Poverty and How it Affects Access to Healthcare

The System for Selecting Beneficiaries of Social Spending (SISBEN) uses qualitative and quantitative data to analyze and measure poverty in multiple different countries. The SISBEN Index takes into account different variables to determine economic needs within communities and create accurate changes and target different problems that exist within countries’ economic systems. After using the SISBEN method in Columbia’s system, the poor population in this country experienced a positive effect in the sense that economic barriers to basic healthcare services that existed before remarkably decreased. The healthcare gap between economic classes decreased because of universal healthcare and more insured and uninsured people were able to receive healthcare. Additionally, higher percentages of people are using ambulatory services, taking sick children to receive treatment and enduring childbirth in the presence of a healthcare professional.

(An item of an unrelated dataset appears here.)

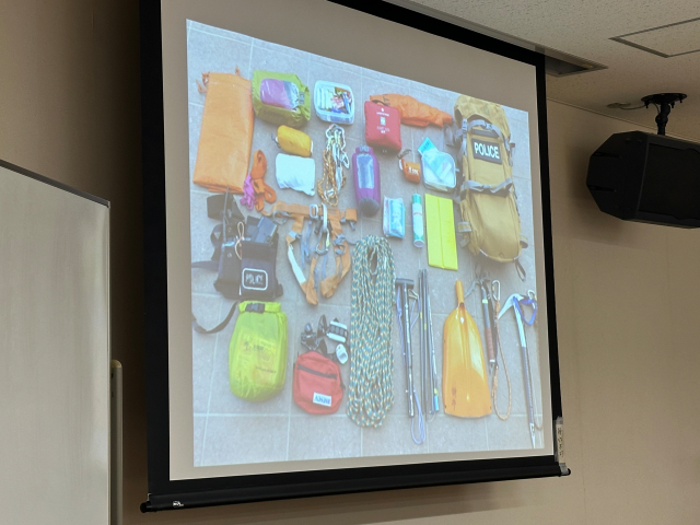 「岳連登山指導員の研修で、群馬県警 谷川岳山岳警備隊の元隊長さんによる遭難対策研修でした。

While the world grows richer, large populations of the world continue to suffer from preventable and treatable sicknesses. This notion helped spark change and systemic reform. Many organizations mobilized and launched different operations aimed at improving these systems, centralizing healthcare reform in Latin America as a priority. There is a rise in the accessibility of healthcare services and benefits to impoverished populations as well as an increase in the life expectancy of people who inhabit these countries.